55. Worse still, the Applicant is seeking that the Deputy Registrar execute the Transfer instrument in respect of L.R No. 105/1393 and 1394, respectively, even though the said properties do not form part of the Decree.

56. In my humble view, the Deputy Registrar or such other designated officer of this Honourable court, can be ordered and directed to perform an ancillary duty by the court. However, before such a direction can be issued, the court must cross check whether such an obligation is in tandem with inter-alia the judgment and decree, if any, hitherto granted by the court.

57. Surely, the Applicant herein is seeking to invite the Honourable court to commit an illegality, in the name of directing the Deputy Registrar to execute Transfer instruments in respect of properties for which no Judgment was ever issued.

58. In a nutshell, I am afraid that the Deputy Registrar cannot be directed to execute the Transfer instruments or such other document in respect of L.R No. Block 105/1393 and 1394, respectively in the manner sought or at all.
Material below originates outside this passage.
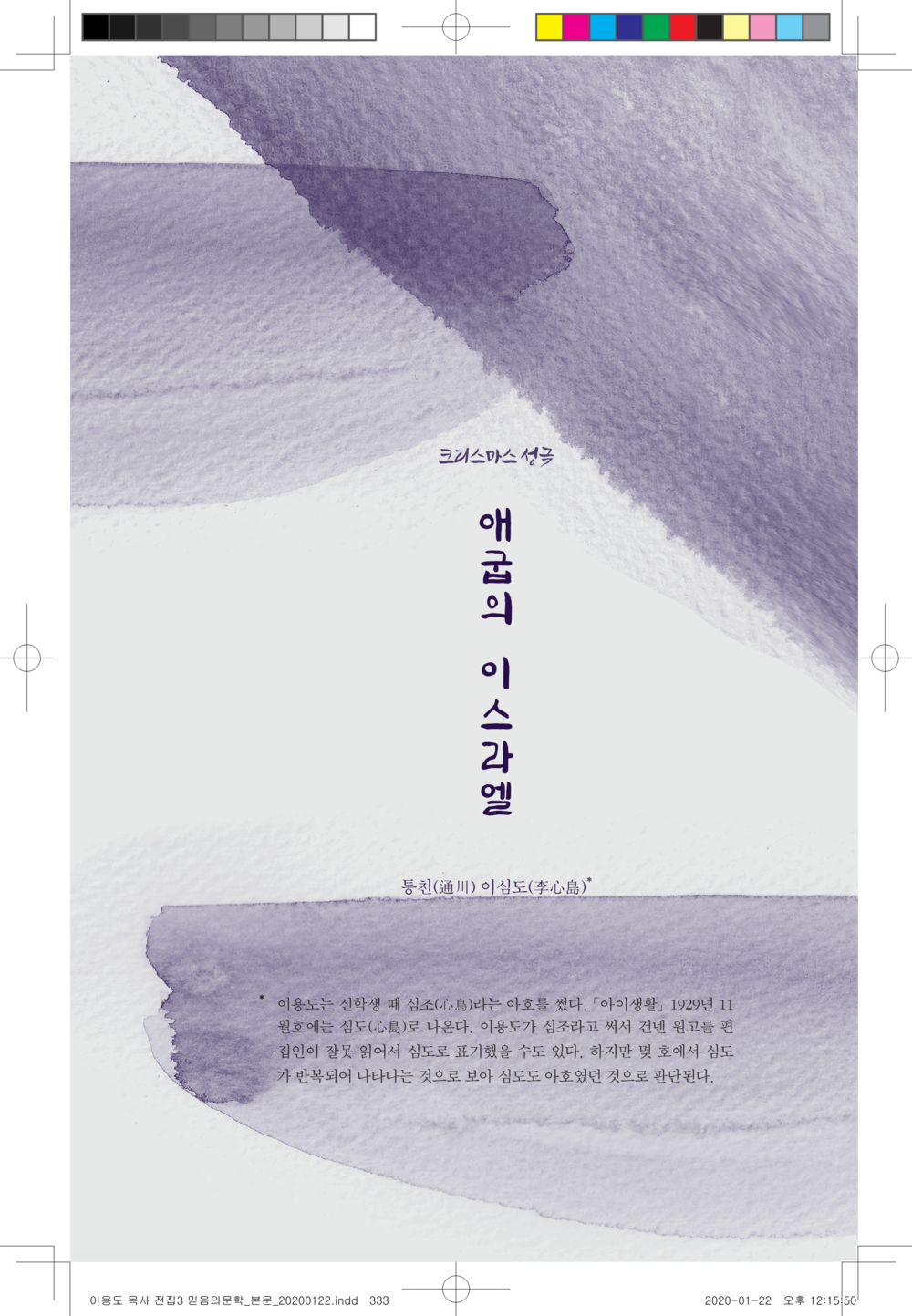 구약 시편의 기록자처럼 신앙심과 문학성은 서로 이질적이지 않은 하나로 존재할 수 있습니다. 이 책은 이용도란 창문으로 믿음의 문학을 감상하며 신앙과 예술의 화목을 중재하고자 합니다. 인자(人子)이신 예수 그리스도를 향한 신앙과 '인자(人子)들에 관한 이야기인 문학'의 다정한 모임으로 초청하는 바입니다.

Final Disposition 59. Before rendering and making the dispositive orders, it is imperative to state that if the Plaintiff/Applicant has since found and established that the Judgment which was issued in his favor is not enforceable, then it behooves the Plaintiff/Applicant to reconsider the entire dispute taking into account the obtaining developments.

60. Certainly, the Plaintiff/Applicant may be called upon to do much more than scratching on the surface on the impugned Judgment.

61. Be that as it may, whatever the Plaintiff may wish to do is subject to the wisdom and advise of his Learned Counsel.

62. Nevertheless and having made the foregoing observations, the current Application which has been filed and mounted by the Plaintiff/Applicant, is no doubt, misconceived, legally untenable and bad in law.

63. In a nutshell, the Application dated the 2nd of December 2022, be and is hereby Dismissed albeit as to no order as to costs.

64. It is so Ordered.

DATED, SIGNED AND DELIVERED AT NAIROBI THIS 2NDDAY OF FEBRUARY 2023. OGUTTU MBOYA,JUDGEIn the Presence of:Benson - Court Assistant.Mrs. Kirui for the Plaintiff/Applicant.Mr. Maina h/b for Mr. Ngata Kamau for the 1st Defendant.Mr. Njuguna h/b for Mr. Macharia Gakuo for the 2nd Defendant/Respondent.